_Dataset content_:
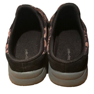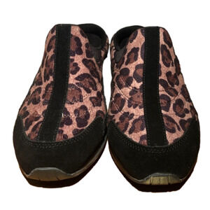 New EASY SPIRIT Brown Leopard Print Black Suede Trim SE TRAVEL TIME 381 Mules 8W
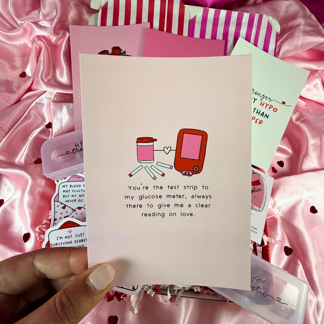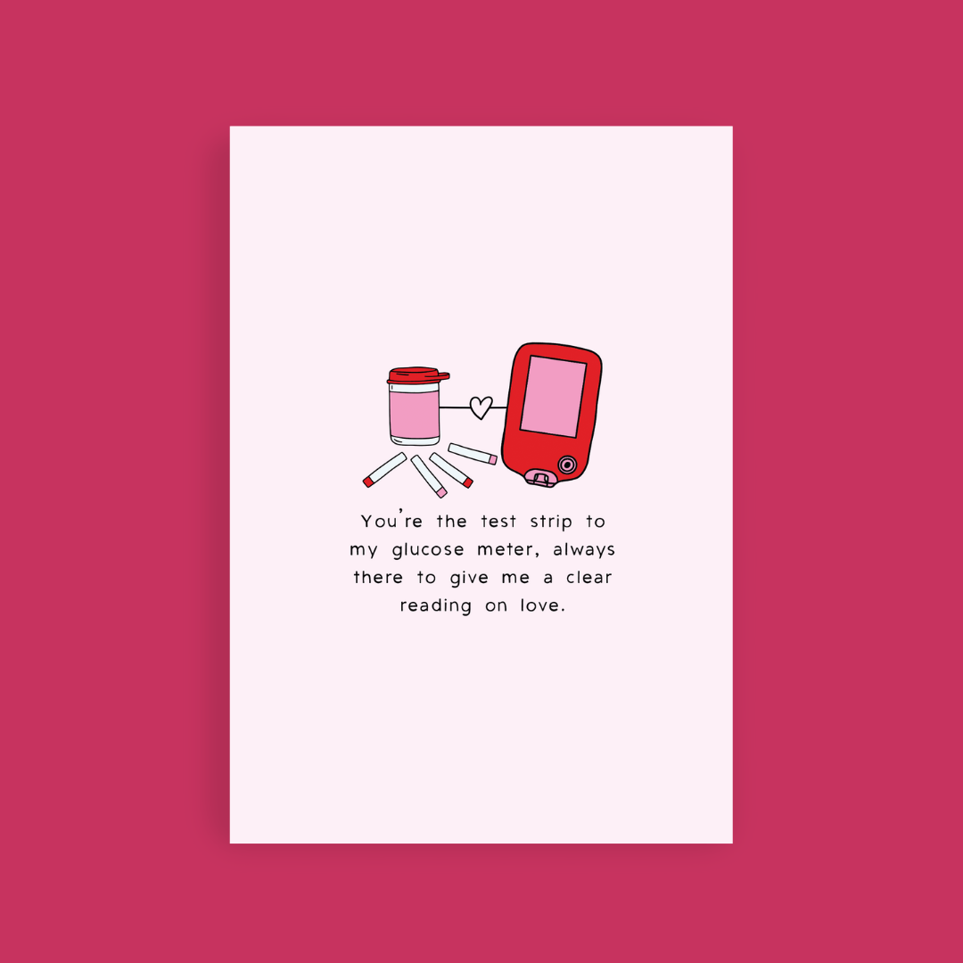 Celebrate love with this unique Valentine’s card that says, "You're the test strip to my glucose meter, always there to give me a clear reading on love." A heartfelt and clever way to let your diabetic someone know they’re your constant source of clarity and connection.
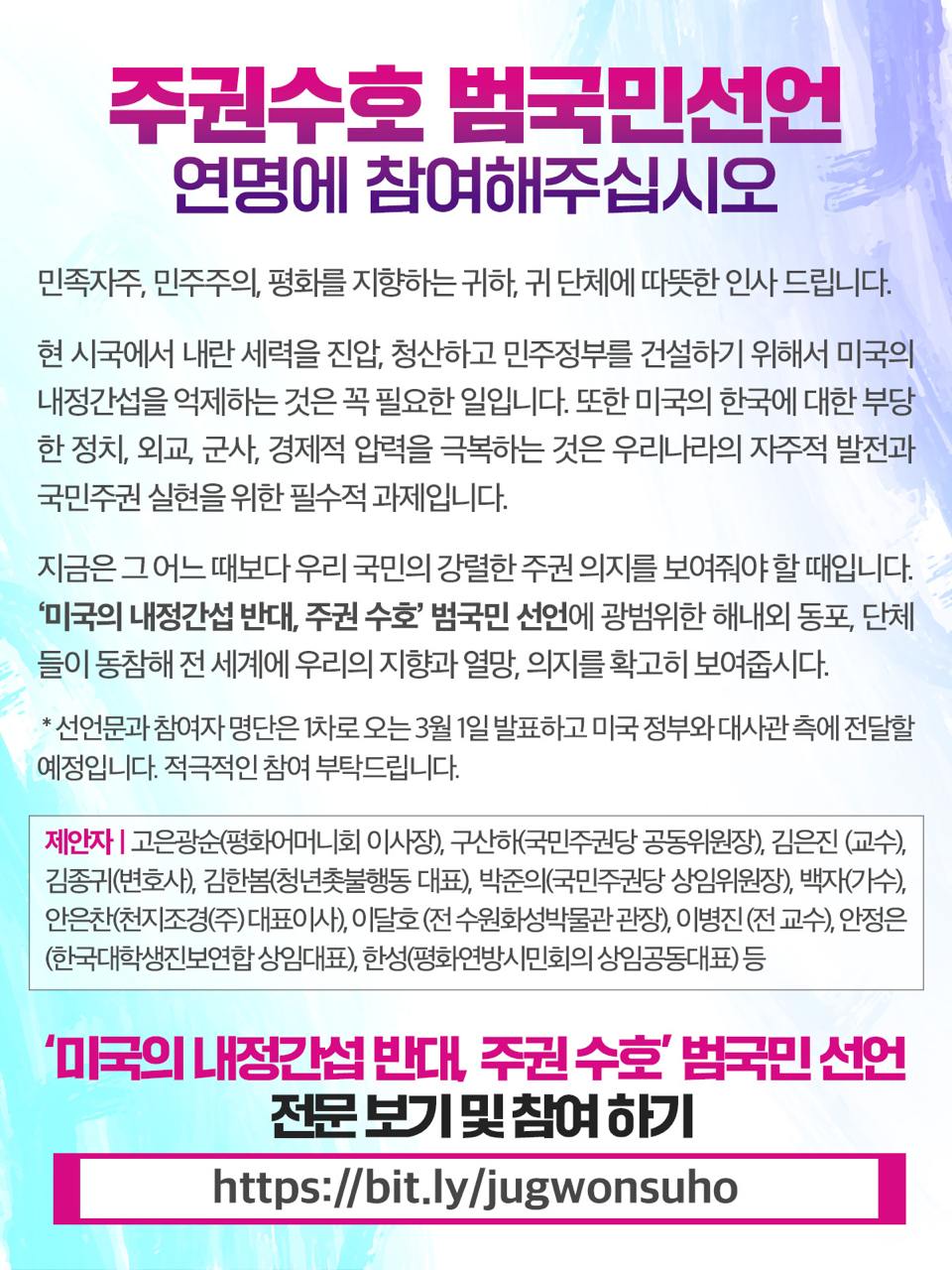 지금은 그 어느 때보다 우리 국민의 강렬한 주권 의지를 보여줘야 할 때입니다. <‘미국의 내정간섭 반대, 주권 수호’ 범국민 선언(아래 첨부)>에 광범위한 해내외 동포, 단체들이 동참해 전 세계에 우리의 지향과 열망, 의지를 확고히 보여줍시다.

_Exercise_:
Leave the pictures out. Otherwise, output the listing above exactly.

_Result of this exercise_:
 New EASY SPIRIT Brown Leopard Print Black Suede Trim SE TRAVEL TIME 381 Mules 8W
 Celebrate love with this unique Valentine’s card that says, "You're the test strip to my glucose meter, always there to give me a clear reading on love." A heartfelt and clever way to let your diabetic someone know they’re your constant source of clarity and connection.
 지금은 그 어느 때보다 우리 국민의 강렬한 주권 의지를 보여줘야 할 때입니다. <‘미국의 내정간섭 반대, 주권 수호’ 범국민 선언(아래 첨부)>에 광범위한 해내외 동포, 단체들이 동참해 전 세계에 우리의 지향과 열망, 의지를 확고히 보여줍시다.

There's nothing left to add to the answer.